RECORDED DATA below:
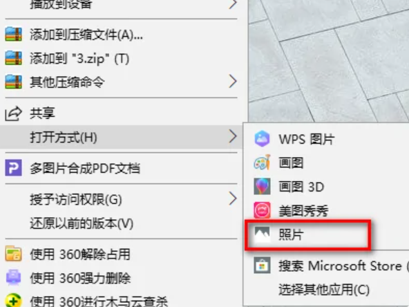 3、选中这张照片之后,右键单击鼠标,在弹出的窗口里面选择打开方式。
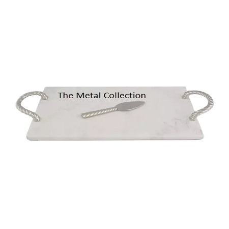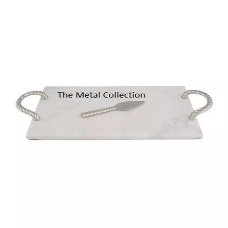 เขียงหินอ่อนมีสไตล์พร้อมมีดสำหรับสับเครื่องมือในครัวสีขาว
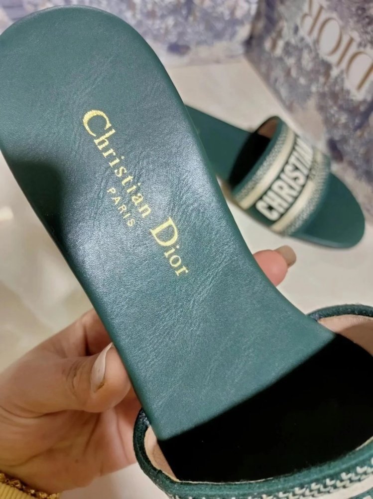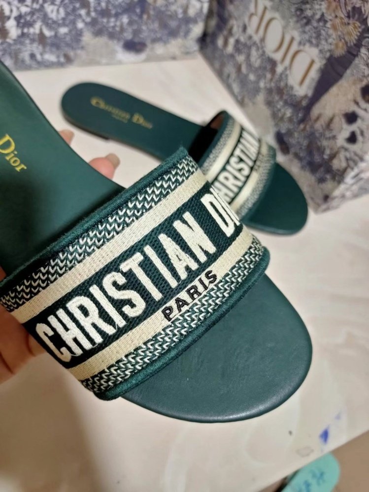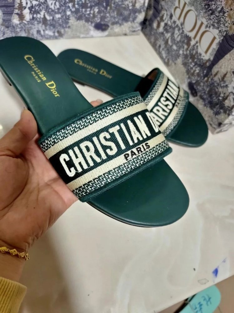 Home Shop Women shoes Dior women's shoes Dior Dway Slides In Green Embroidered Cotton
End of RECORDED DATA.
**WHAT THIS TASK INVOLVES:** Reproduce each line above exactly, but not a single picture.

**ANSWER FOR THE TASK:**
 3、选中这张照片之后,右键单击鼠标,在弹出的窗口里面选择打开方式。
 เขียงหินอ่อนมีสไตล์พร้อมมีดสำหรับสับเครื่องมือในครัวสีขาว
 Home Shop Women shoes Dior women's shoes Dior Dway Slides In Green Embroidered Cotton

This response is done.